LONDON – European stocks rallied on Tuesday as oil prices fell on renewed hopes that a lasting peace could be agreed between the United States and Iran after Israel and Hezbollah announced they would suspend fighting in Lebanon.
pan-european Stocks 600 It closed 0.7% higher. While most regional sectors ended in positive territory, the major bourses in London, Paris, Frankfurt and Milan closed in positive territory.
The Stoxx 600 index fell to a one-week low on Monday as hopes for an end to the Iran war waned, but recovered on Tuesday.
In corporate news, Abibax Shares plunged 43.6% after the French biotech company reported that several patients in its ulcerative colitis trial developed cancer.
“The cancer signal complicates matters, and even if it’s just extraneous noise, we think the overhang is real, especially given the lack of other value-impacting data events in the coming year (1 year),” Jefferies analysts said.
Inflation in the euro zone rose to an estimated 3.2% in May, official data showed on Tuesday, driven by a double-digit rise in energy prices.
The report is in line with expectations in a Reuters survey of economists, with expectations for a rate hike expected to be confirmed at next week’s European Central Bank meeting.
Energy costs in May were the highest in terms of annual inflation, with prices rising by 10.9%, preliminary data showed. This was a slight increase from the 10.8% growth in euro area energy prices recorded in the previous month.
Peace negotiations are unclear
On Monday, US President Donald Trump told CNBC that he was not concerned if peace talks with Iran collapsed.
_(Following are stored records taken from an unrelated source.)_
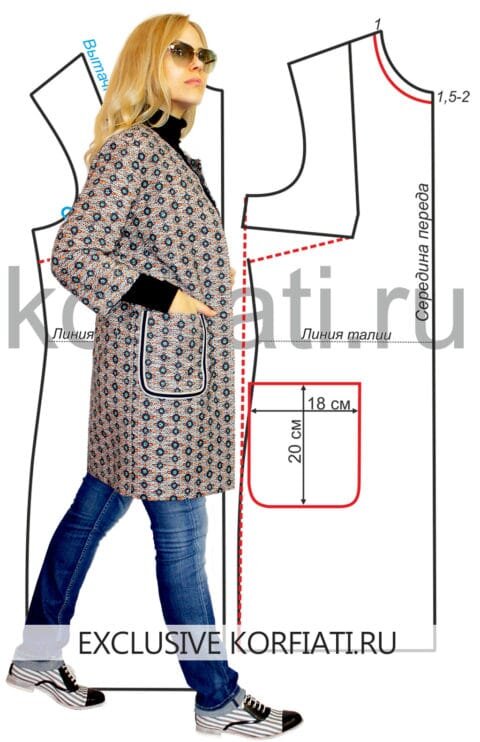 Это яркое легкое пальто без воротника – вещь в стиле кэжуал, которая обязательно должна быть в вашем гардеробе. Предлагаем вам сшить эту модель самостоятельно, ведь несмотря на то, что пальто «посажено» изнутри на подкладку, сложность пошива – невысокая, и даже те, у кого мало опыта – справятся на отлично!
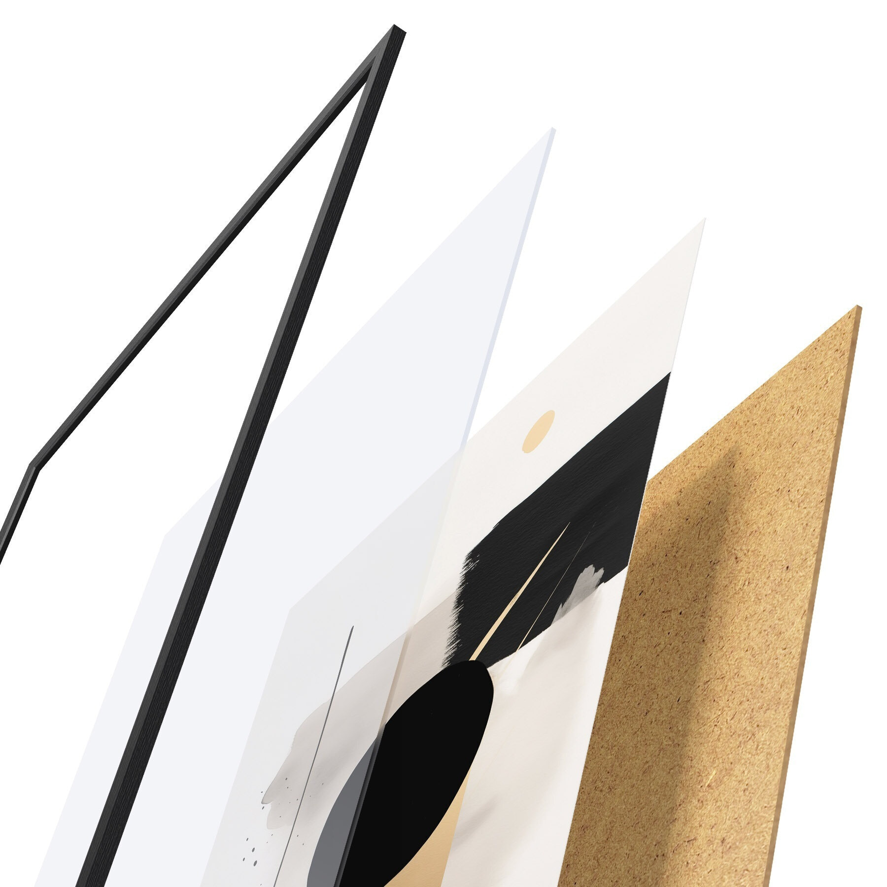 De poster bestaat uit een frame, plexiglas, geprinte afbeelding en spaanplaat achterkant. De poster kan meteen aan de muur worden gehangen dankzij de bevestigingen op de achterkant.
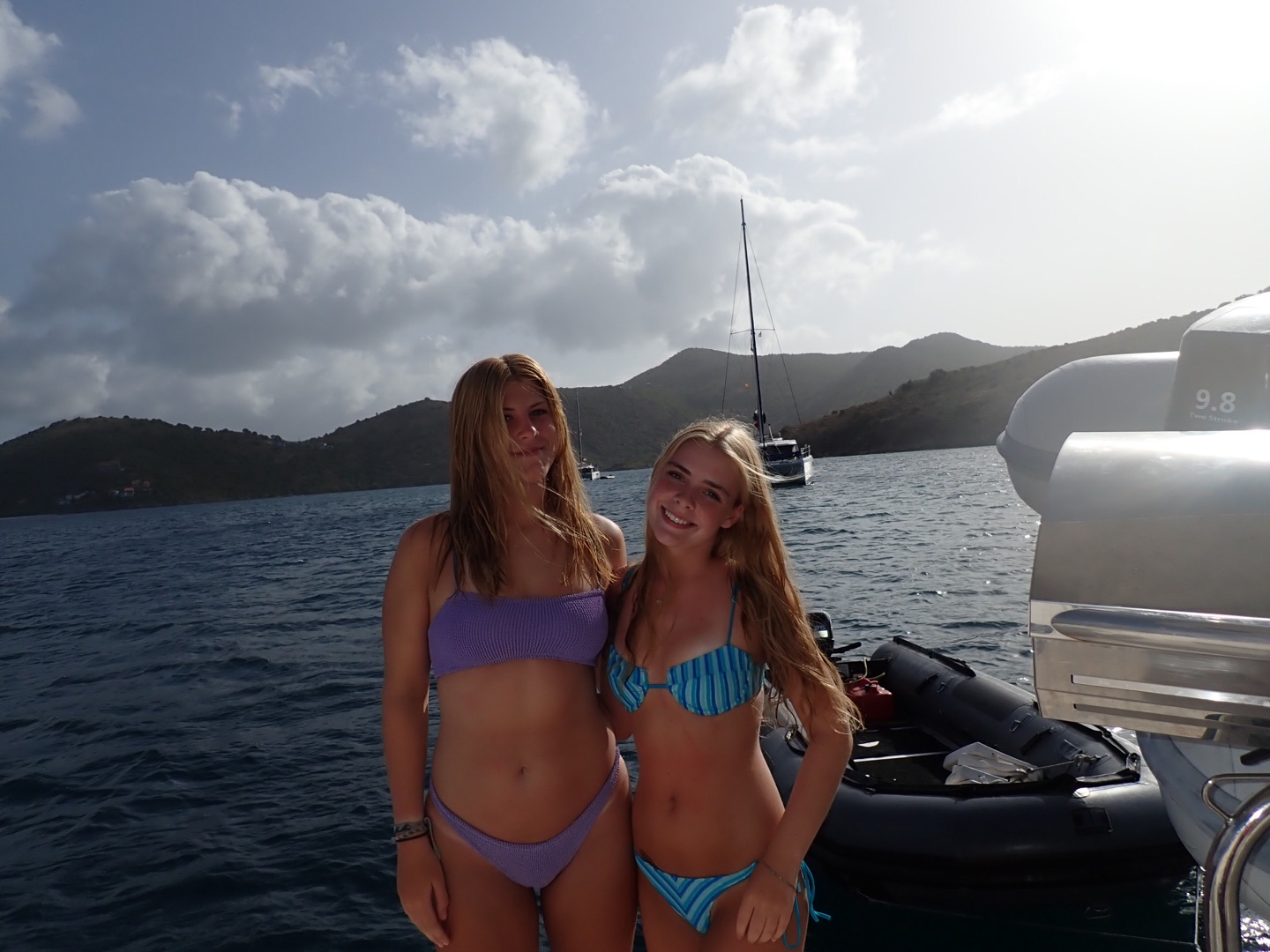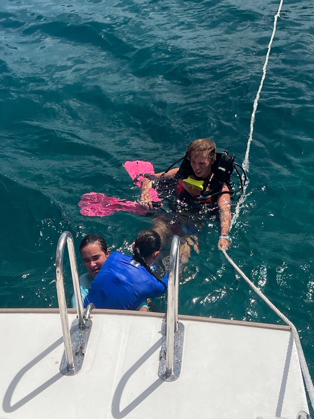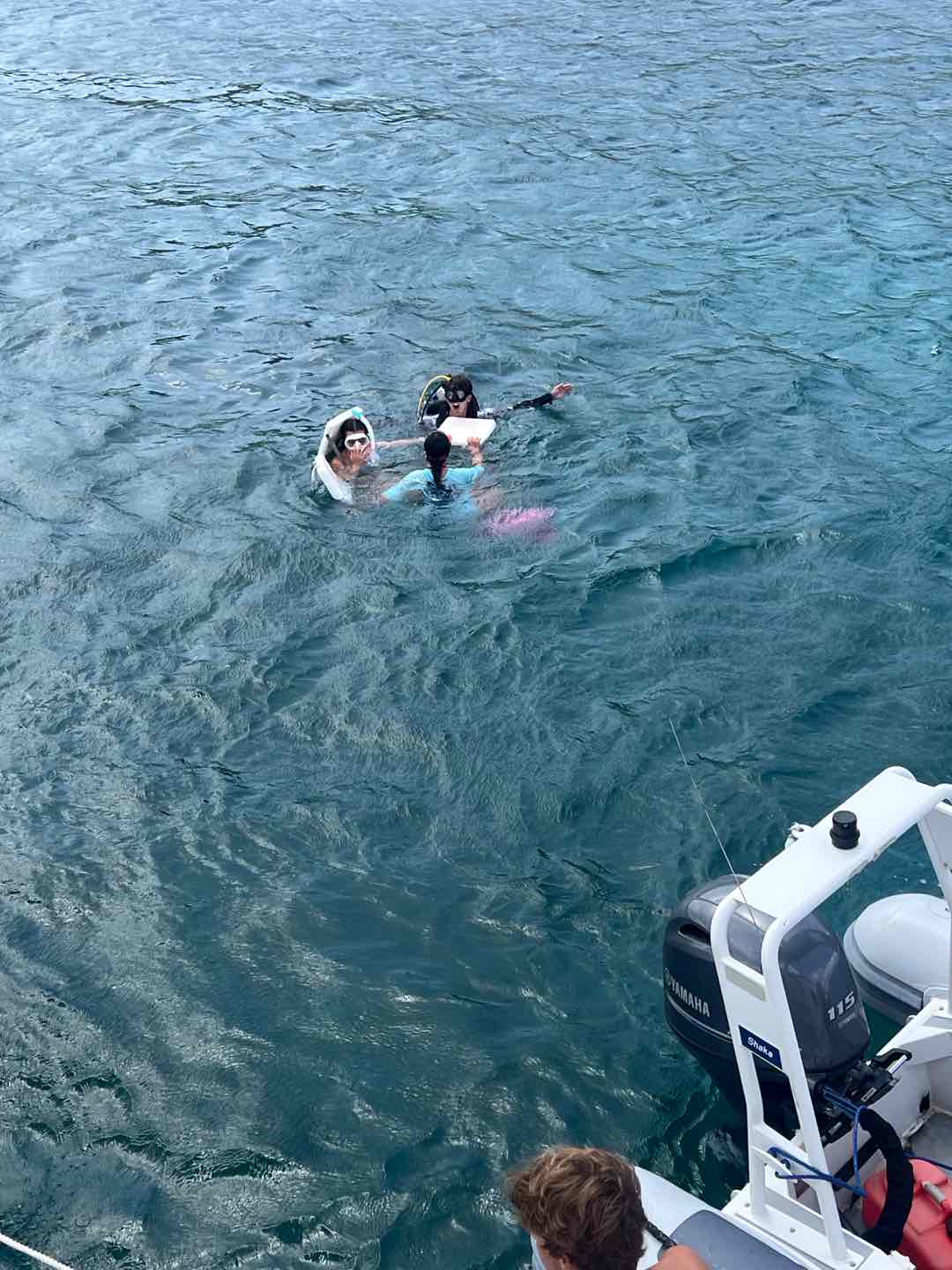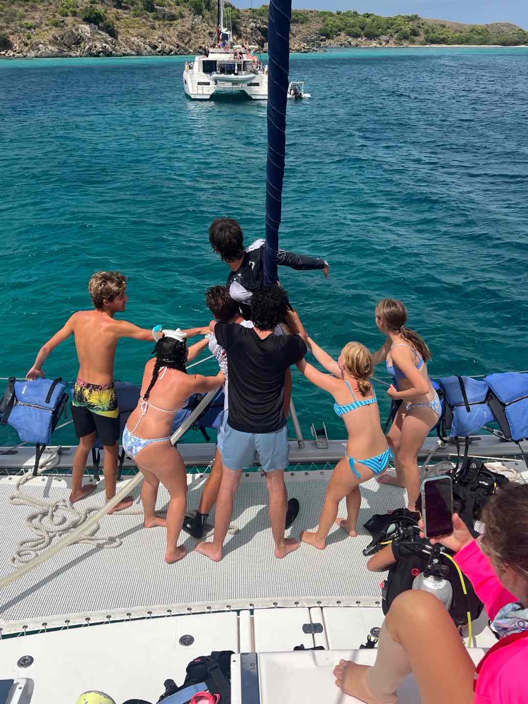 Today we started the day in Jost Van dyke by Sydney’s. Jackson and Cameron cooked French toast for breakfast while the staff had a meeting. It took a while, though. When they got back, we went underway and sailed to Sandy Spit. Ava and I played spit during the sail. After we arrived, we did our last search and recovery dive. Ava, Lorelai, and I had a little trouble because our object was super small and blended in pretty well, so it took a few tries. Then we sat around for a bit and ate lunch. After lunch, we had some paperwork to do while Ellery, Cameron, and Audrey helped clean the dinghy. But then we got surprised in the middle of paperwork with our first rescue scenario! There was a panicked diver that Lorelai kept an eye on while Casey jumped in with two Chiclets to rescue him. To add to the chaos, another panicked diver surfaced while Kate and Maya started to look for the first missing diver underwater. Jackson pulled out the first panicked diver while Casey switched gears to focus on the second. Ava and I jumped in to help look for another missing diver underwater. The panicked divers kept jumping in despite Aiden’s best efforts while Ellery, Audrey, and Cameron watched the show. After the scenario ended, we had a long debrief about all of the things that we did right and wrong, and prepared for a Fun Dive at The Playgrounds. We all saw a massive ray and completed a great dive. We came back to a great dinner of franks and beans made by our incredible chefs for the day. Now we are playing a game of extreme Uno.
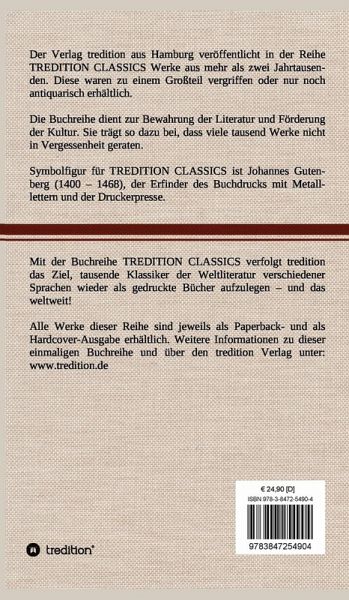 Diese Hardcover-Ausgabe ist Teil der TREDITION CLASSICS. Der Verlag tredition aus Hamburg veröffentlicht in der Buchreihe TREDITION CLASSICS Werke aus mehr als zwei Jahrtausenden. Diese waren zu einem Großteil vergriffen oder nur noch antiquarisch erhältlich. Mit TREDITION CLASSICS verfolgt tredition das Ziel, tausende Klassiker der Weltliteratur verschiedener Sprachen wieder als gedruckte Bücher zu verlegen und das weltweit! Die Buchreihe dient zur Bewahrung der Literatur und Förderung der Kultur. Sie trägt so dazu bei, dass viele tausend Werke nicht in Vergessenheit geraten.
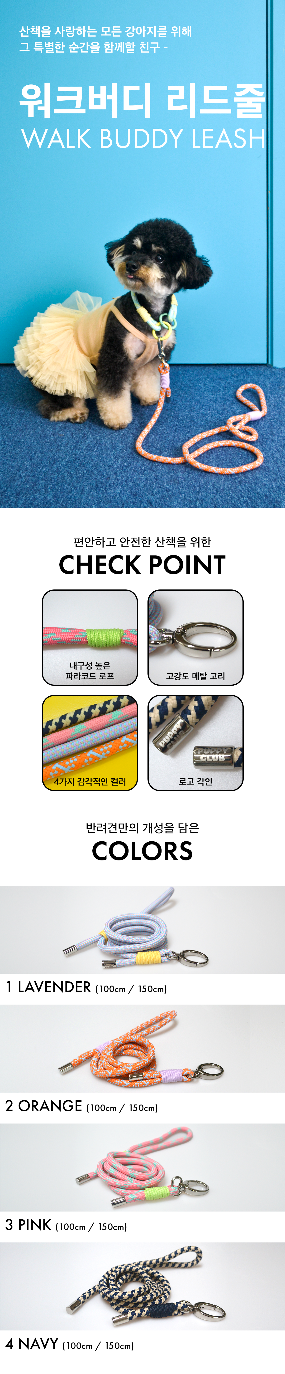 *WALK BUDDY LEASH는 리드줄 단독 구성으로 판매되며, 다양한 목줄과 자유롭게 매치 가능합니다.
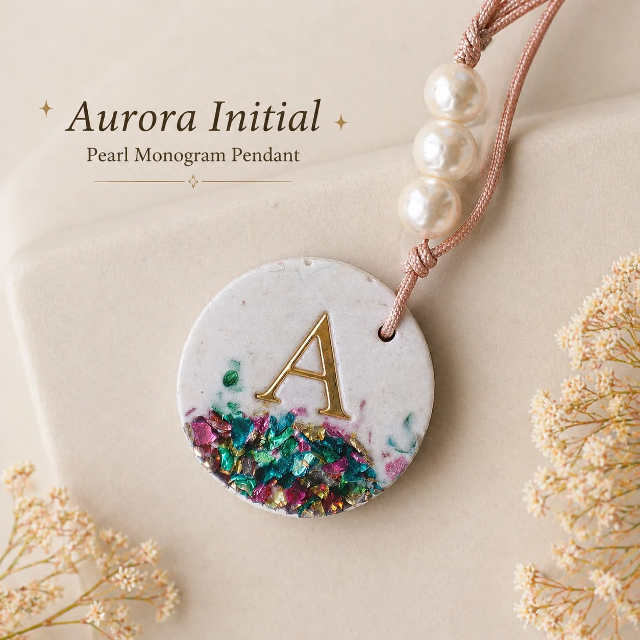 ๐ Product Details Aurora A Initial Jesmonite Pendant Necklace with Pearls for Women | Bling Onยฎ โจ๐
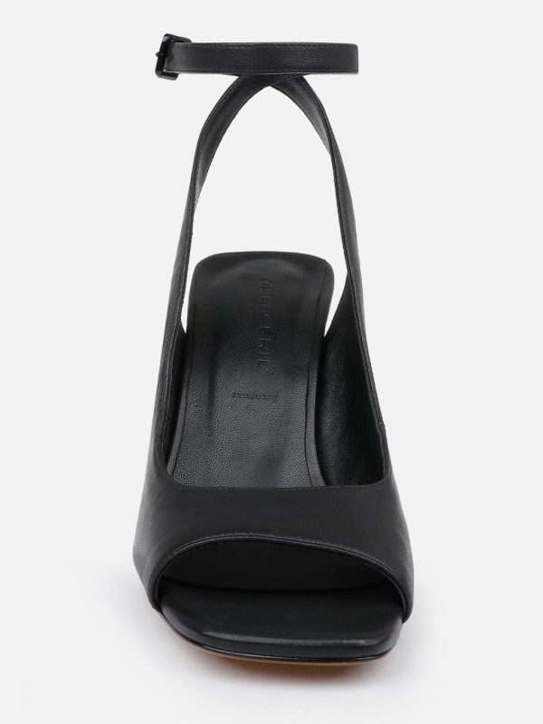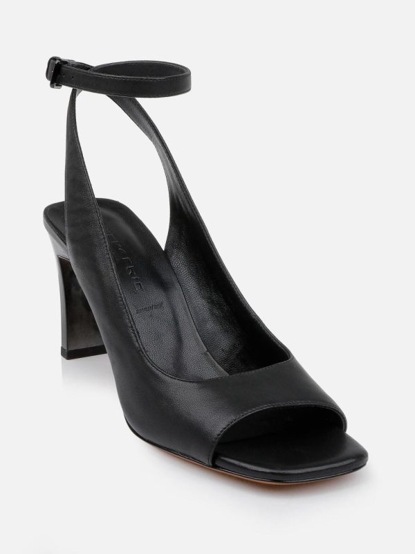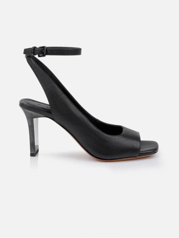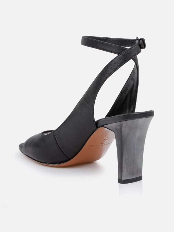 Sole: brushed gunmetal heel, amber leather sole, black edge

“I really don’t care. I don’t care,” he said, adding that the drawn-out negotiations were “starting to get very boring.”
Talks between the two countries have stalled in recent weeks as the Strait of Hormuz, a key oil shipping route, remains effectively closed.
Hannah Newman, head of the European Parliament’s delegation to Iran, told CNBC’s “Europe Early Edition” on Tuesday that the Iranian regime “has a lot to gain from an ambiguous situation.”
“I am concerned that the Iranian regime’s continued strategy … will continue to prolong this problem,” she said. “What’s happening now… is that Donald Trump gets bored and walks away, and[the regime]not only gets away with massive repression at home, but also gets away with holding the whole world hostage in the Strait of Hormuz.”
Neumann added that the EU remained skeptical about “whether this war makes sense.”
“Three months into this war, I think we can clearly see that it has brought no improvement to the region or to the world as a whole,” she said. “At the same time, the European Union, like the countries of the Gulf, Africa and Southeast Asia, has been greatly affected by the aftermath of this war, primarily the closure of the Strait of Hormuz, but also the growing cross-border repression and state-sponsored terrorism against Iranians within the Union. So, while we want this war to end, we also want the Iranian regime to disappear.”
He also called for the EU to come to the negotiating table, saying the current negotiating situation “doesn’t allow us to sleep very comfortably here in the European Union.”
European investors are also closely monitoring developments in the Russia-Ukraine war after the Russian government launched a massive air raid on cities across Ukraine early Tuesday morning.
Last week, NATO and EU officials condemned Russia after a Russian drone accidentally crashed into an apartment building in Romania near the border with Ukraine.
The EU is currently preparing its 21st sanctions package against Russia.
On Wall Street, U.S. stocks rose slightly, S&P500 Set a new record with Dow Jones Industrial Average.
— CNBC’s Elsa Ohlen also contributed to this report.